Wisdom from Warren Buffett
To support some of what we discuss above (and regularly), we thought we would share a great CNBC article sent to us by a valued client and friend, titled: Warren Buffett Guide to Investing. We encourage you to click on the aforementioned title to read the entire article, but here are some quotes (along with CNBC commentary) we thought were worth highlighting:
On stock picking:
“They (advisors) come in and they talk for hours, and you pay them a large fee, and they always suggest something other than just sitting on your rear end and participating in American business without cost.” — 2016 BERKSHIRE ANNUAL MEETING
To prove his point, in 2007, he made a massive 10-year bet for charity with a proponent of active investing that a low-cost Vanguard S&P 500 index fund would outperform a hand-picked basket of hedge funds, which charge large fees. At the end of the wager, the S&P index fund had gained 125.8%. The hedge funds were up an average of around 36%.
On market timing:
Charlie (Munger, Buffett’s longtime business partner) and I haven’t the faintest idea where the stock market is going to go next week, next month, or next year. We never talk about it…

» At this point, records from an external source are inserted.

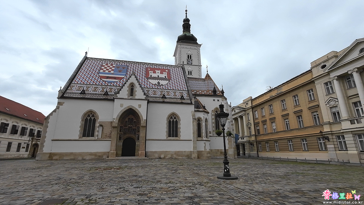 지붕의 왼쪽에는 크로아티아-달마티아-슬라보니아의 문장이, 오른쪽에는 자그레브 시의 문장이 새겨져 있어 크로아티아의 역사와 자그레브의 상징성을 동시에 보여준다. 이 타일들은 1880년에 만들어졌다.
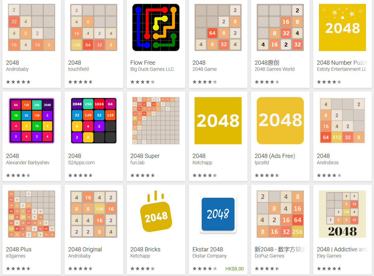 《2048》火了之后,谷歌应用商店里又衍生出上百个相似的《2048》。
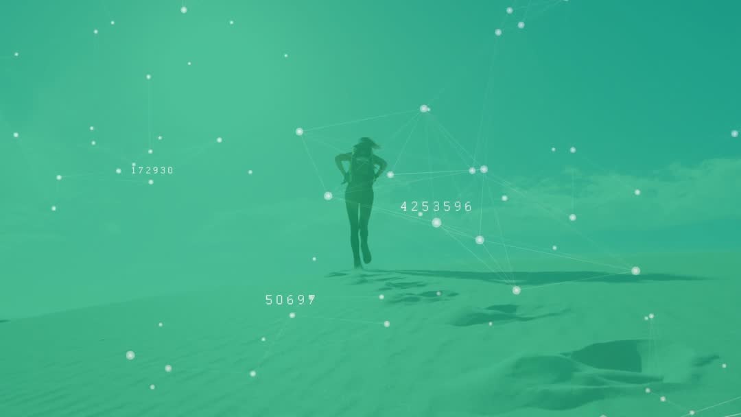 Silhouette of a runner goes over a desert dune with digital data and numbers forming around, indicating performance tracking. The blend of natural environment with digital elements symbolizes the integration of technology in fitness routines. Useful for illustrating articles on fitness innovations, tech-enhanced workouts, or the convergence of health and technology sectors.
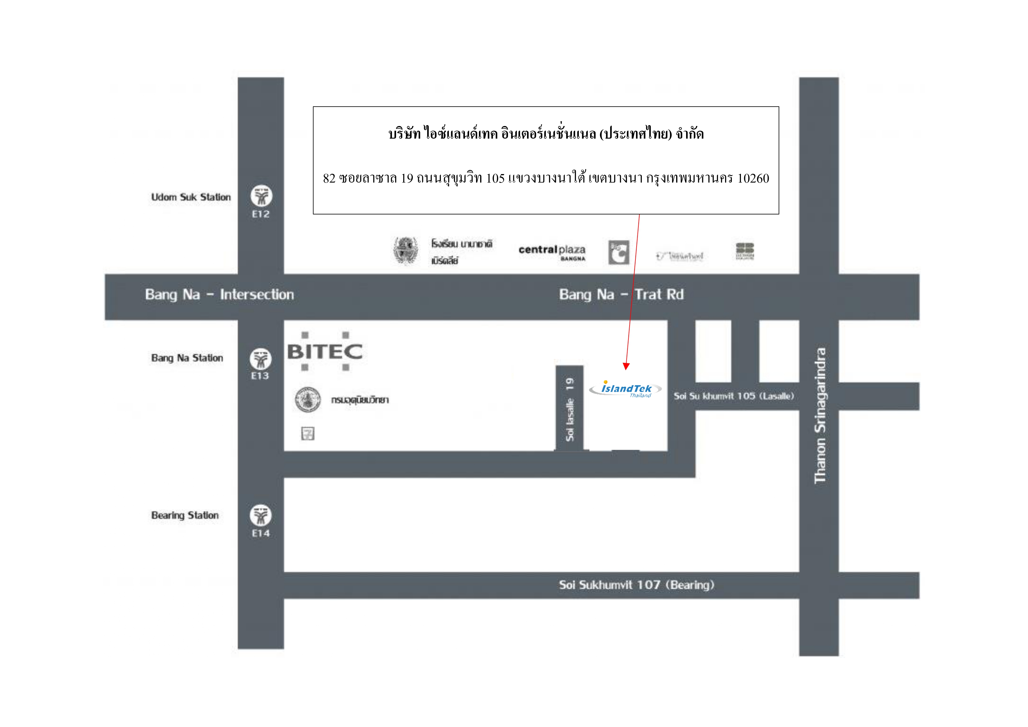 เดินทางด้วยรถไฟฟ้า: อยู่ระหว่าง BTS Bang Na (E13) และ BTS Bearing (E14)

“We don’t have an opinion about where the stock market’s going to go tomorrow or next week or next month. So, to sit around and not do something that’s sensible because you think there will be something even more attractive, that’s just not our approach to it…Picking bottoms, I think, is probably impossible.”— 2009 BERKSHIRE ANNUAL MEETING
On market drops:
“My enthusiasm for stocks is in direct proportion to how far they go down. I like it when things I like go down in price…Am I better off if I have to pay high prices or low prices? So, it’s not bad news for us when stocks go down at all. Now, you know, it’s bad news for us when something goes wrong with a company. But the fact that something gets cheaper, I mean, if I walked into McDonald’s tomorrow and they’ve cut the prices of hamburgers by half, you know, I will be happy because I’m going to be buying hamburgers for a long time.” — CNBC SQUAWK BOX INTERVIEW, MARCH 1, 2010
On behavioral finance and the importance of emotional discipline:
“If you have a temperament that when others are fearful you’re going to get scared yourself, you know, you are not going to make a lot of money in securities over time, in all probability. You know, people really — if they didn’t look at quotations — but, of course, the whole world is urging them to look at quotations, and more than that, do something based on small changes in quotations… Think how much more rational investing in a farm is than the way many people buy stocks. If you buy a farm, do you get a quote next week, do you get a quote next month? If you buy an apartment house, do you get a quote next week or month? No, you look at the apartment house or the farm and you say, I expect it to produce so many bushels of soybeans and corn, and if it does that, it meets my expectations… Some people really do not have the — apparently, they don’t have the temperament, or emotional stability, or whatever it may be, to invest in securities… In the end, what counts is buying a good business at a decent price, and then forgetting about it for a long, long, long time. And some people can do it and some people can’t.” — 2010 BERKSHIRE ANNUAL MEETING
On the fear of missing out (“FOMO”) and being envious of people making money from risky behavior:
“People win lotteries every day, but there’s no reason to have that effect you at all. You shouldn’t be jealous about it. If they want to do mathematically unsound things, and one of them occasionally gets lucky, and they put the one person on television, and the million that contributed to the winnings, with the big slice taken out for the state don’t get on — it’s nothing to worry about. All you have to do is figure out what makes sense… Let the rest of the world go its own way. You don’t want to get into a stupid game just because it’s available.” — 2016 BERKSHIRE ANNUAL MEETING
Once again, we would like to thank you for your trust and loyalty, and look forward to speaking with you in the upcoming month.